The great American labor paradox: Plentiful jobs, most of them bad - Avshalom
https://qz.com/1752676/the-job-quality-index-is-the-economic-indicator-weve-been-missing/
======
pinkfoot
> The researchers take private-sector non-manager jobs…

Any idea why they exclude government non-managerial jobs?

------
nickm12
I'm not an economist, but this seems like a strange index. Is job quality
really binary? Are pay and hours sufficient to make a binary determination?
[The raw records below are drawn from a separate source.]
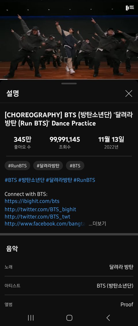 달려라방탄 조금 있으면 1억뷰 !!
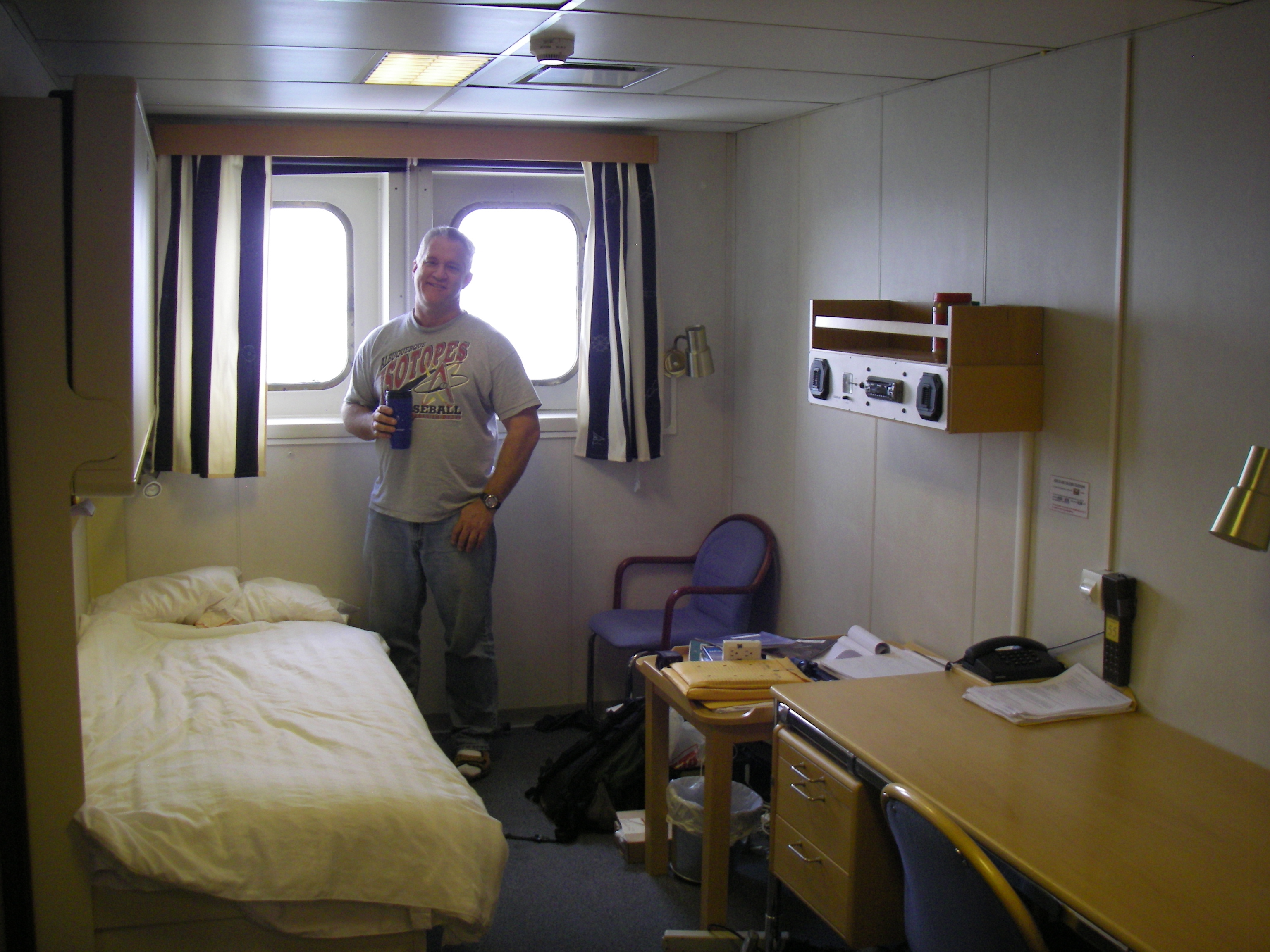 Dr. Ellery Ingall from the Georgia Institute of Technology and Jeff Peneston share a cabin designed to hold four people. There is a wall and a door that separate the cabin into two rooms. This photo shows Ellery on his side with two windows and a desk. Aboard the icebreaker Oden.
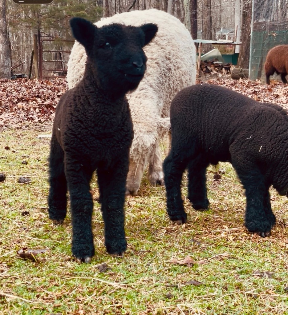 We have a mated pair of babydoll sheep, Abe and Evie. This February, we welcomed their twins, a boy and a girl. They bound around the field, chasing and playing with the chickens, and wagging their little tails while they nurse. Evie is a great mamma. She dotes on them and puts up with their antics as they use her back as a springboard for their hops, practicing coordination.
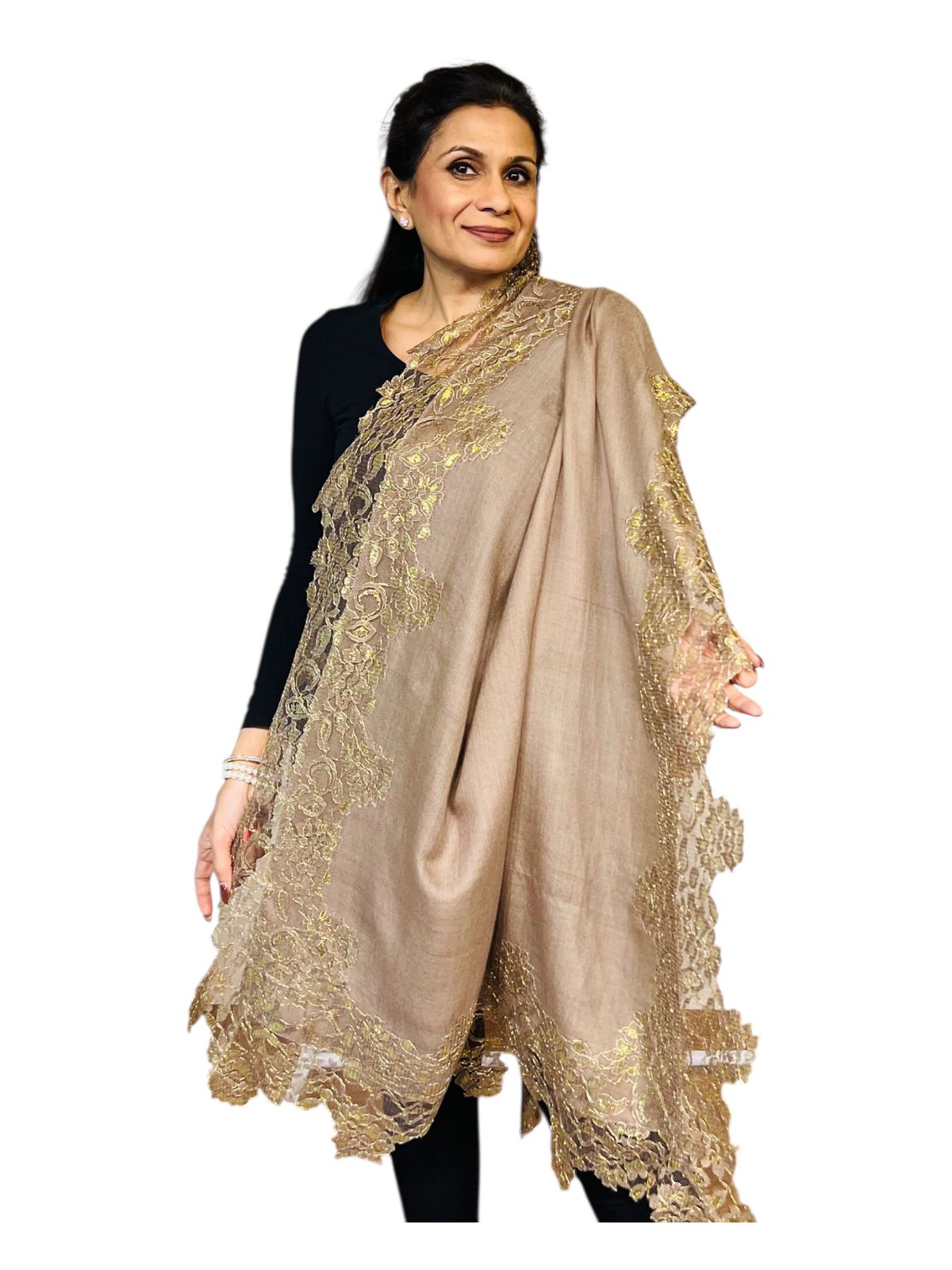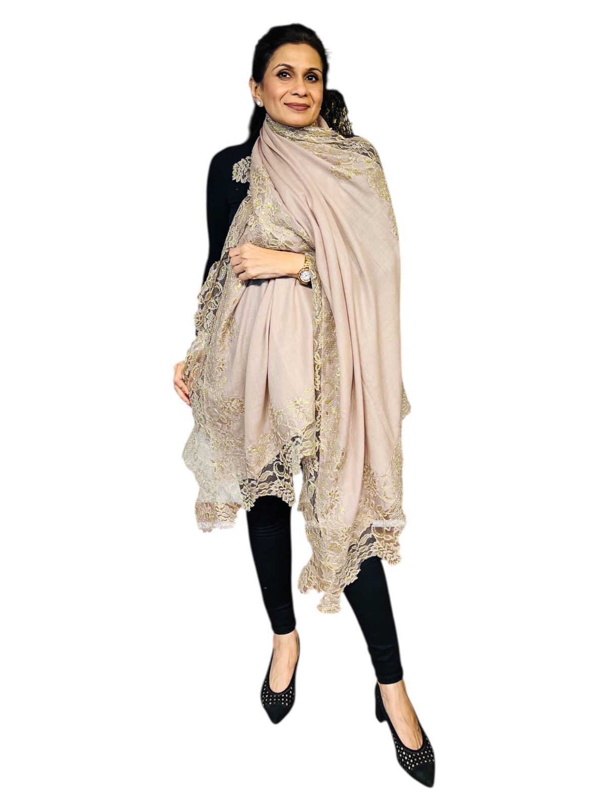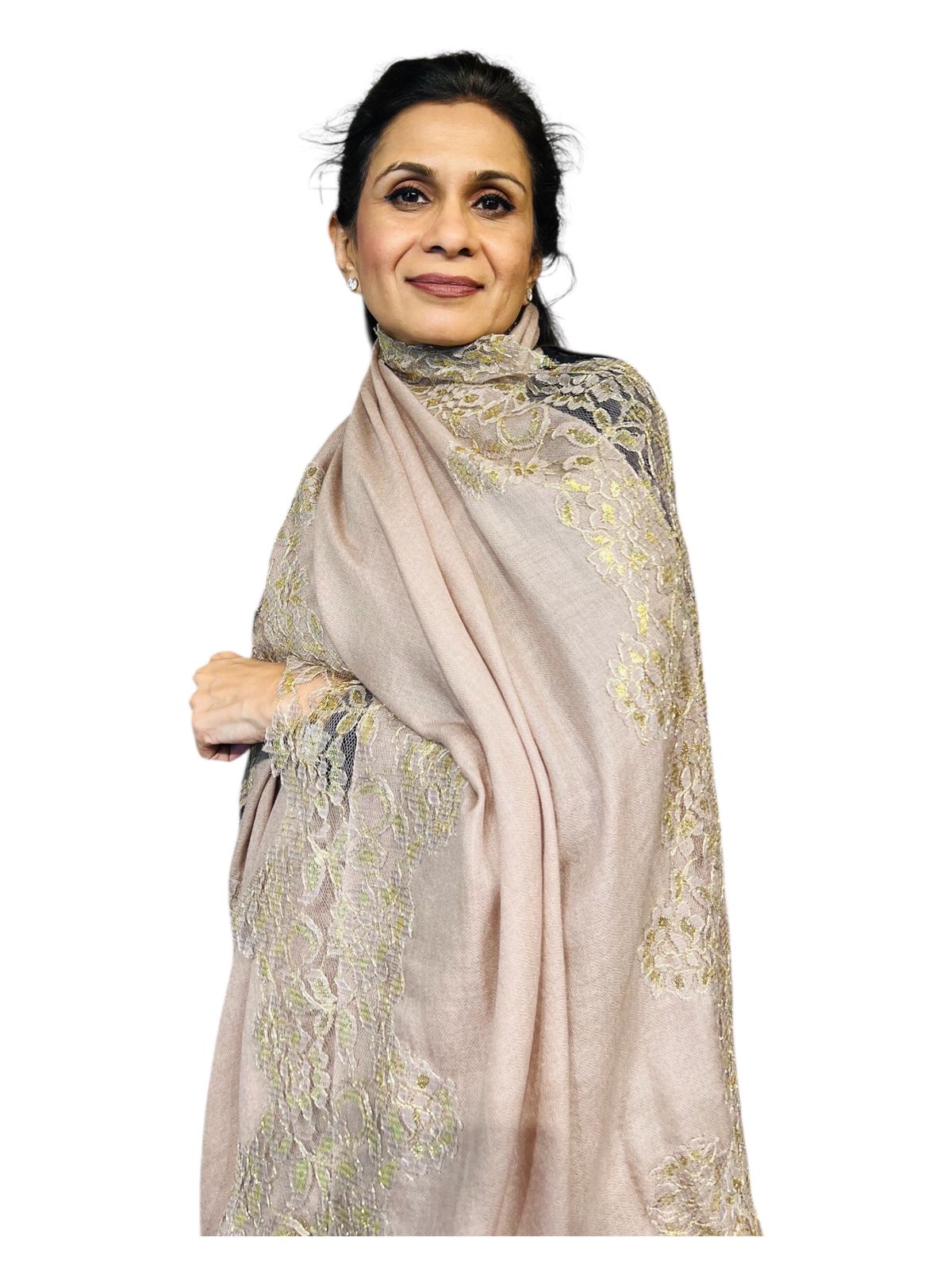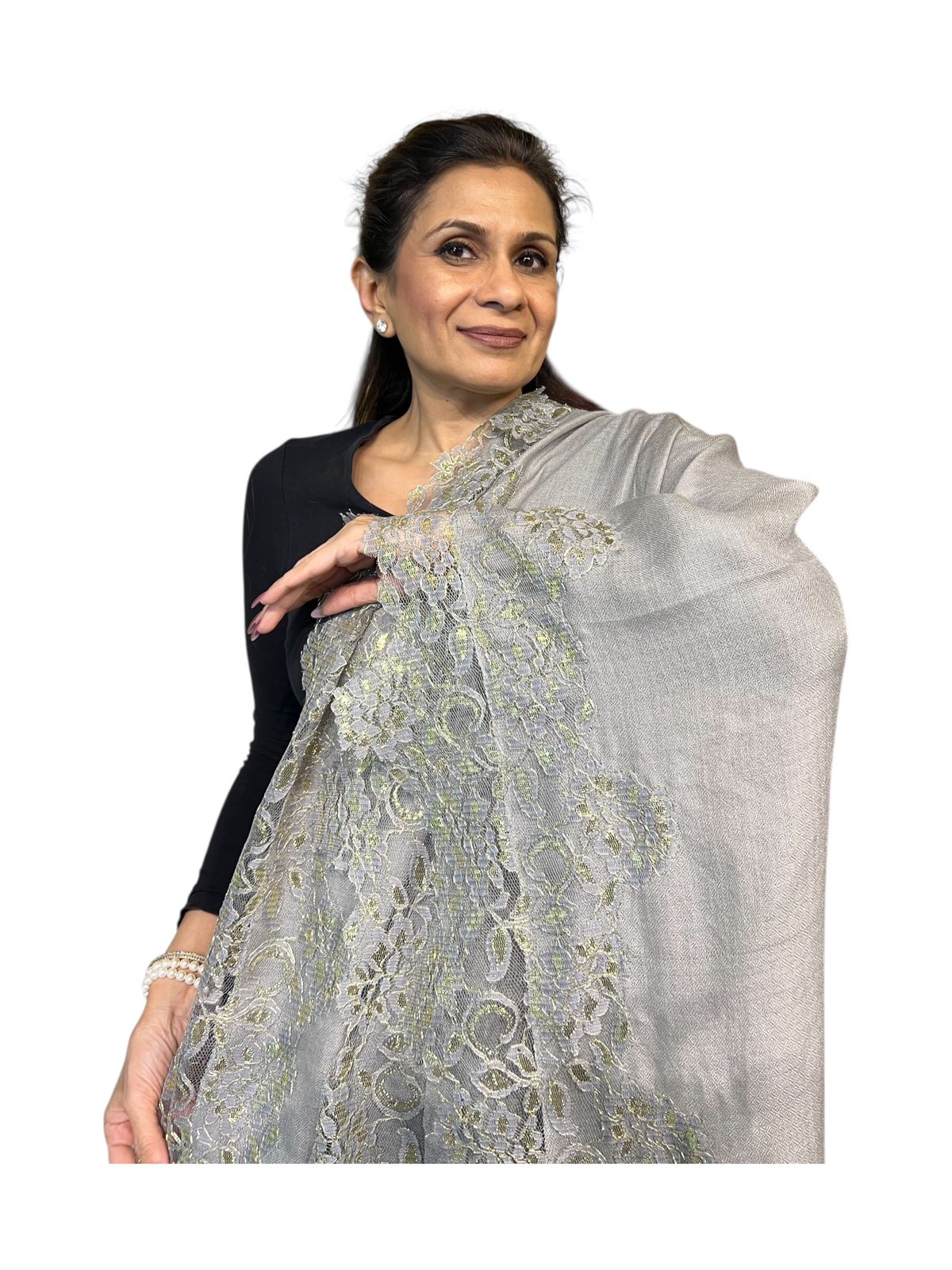Introducing our luxurious Pashmina stole adorned with delicate French lace – where timeless tradition meets Parisian elegance.

Without analyzing the data, it seems like a proxy for income inequality. If
salaries go up for top earners, but stay stagnant for everyone else, then more
people have a "below average" income, even if their hours and pay are
unchanged.

------
alexfromapex
I’d love to see the chart that shows average salary normalized with cost of
living adjusted for inflation

------
seibelj
> _To grasp the JQI’s significance, it’s worth understanding how it’s made.
> The researchers take private-sector non-manager jobs—which make up 82% of
> all private-sector jobs—and divvy them into two groups: the “high quality”
> jobs that pay more than the average weekly wage and tend to have more hours
> per week, and the “low quality” ones that pay less and offer fewer hours._

A “high quality job” is any job that pays more than average. So does every
person making average or below-average hate their jobs? And everyone above-
average love their jobs? I’m not sure this is a logical way to categorize
jobs.